About

I grew up in a small town in the Shandong province, which is located in central eastern China. When I was thirteen, My father and I moved to Athens, GA, following my mother who was pursuing her Ph.D. degree at the University of Georgia. I have since then lived in Athens, completing middle school, high school, college, and Ph.D. I also have a little brother who is fourteen years younger than me. He currently lives with our parents in Virginia.

Research

My general research interest is in Data Science, and in particular, Forecasting using both Statistical Models and Machine Learning Models, developing theory-guided data science models for forecasting, with applications in Traffic, Economics and Finance.

Forecasting

Forecasting is an area of interest in many people's lives because the ability to anticipate the future can be very beneficial in terms of making investment decisions, travel plans, etc. The presence of Big Data has also enabled data scientists to test, validate and evaluate forecasting models on increasing amounts of data, which may lead to greater forecasting accuracies. Various forecasting models have been developed, and may be generally divided into Statistical Models and Machine Learning Models.

  • Statistical Models

    Classical forecasting models include ARIMA and Exponential Smoothing, for which I have implemented in the ScalaTion Project and evaluated for traffic flow forecasting.
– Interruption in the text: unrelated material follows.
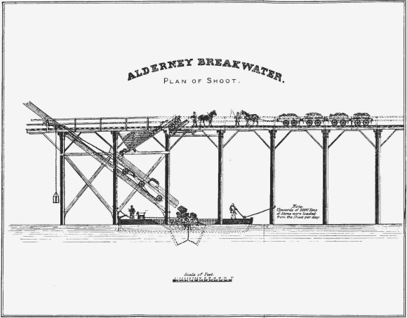 Rubble tipping was started probably in 1849, and by autumn of that year had reached 410 feet from the shore, all tipped from wagons on the end of the bank. Further direct tipping was impracticable and Walker, the Government Engineer, proposed that wagons be loaded on to barges, towed to the site and then tipped. (This method had been used previously at Plymouth.) Jackson proposed an alternative scheme using hopper barges loaded by an adjustable chute to accommodate changes in water level which varied by 17ft between tides. This was adopted, and the 60‑140 ton capacity barges, towed by steam tugs to the site, were able to drop their loads without stopping. By the late 1850's over half a million tons of stone a year were being dumped, at a rate of two to three thousand tons a day.
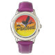 Relógio Infantil Roxo de Aço Inoxidável e Pulseira de Couro

Other statistical forecasting models include GARCH, commonly used to model financial volatility; the VARMA family of models, which are multivariate generalizations of univariate ARIMA family; Functional AutoRegressive (FAR) model, which is used to model functional time series; Hidden Markov Models and State Space Models, which have been used for a great number of applications including econometrics, temporal pattern recognitions such as speech and handwriting, among others. The Statistical Models in general are based on well established theories, assumptions and equations; in contrast to the recent trends of Machine Learning Models, which are much more data-driven and much less emphasis are placed on the interpretability of the learned parameters. I am interested in learning and evaluating both Statistical Forecasting Models and Machine Learning Forecasting Models for various types of time series from the fields of Traffic, Economics and Finance.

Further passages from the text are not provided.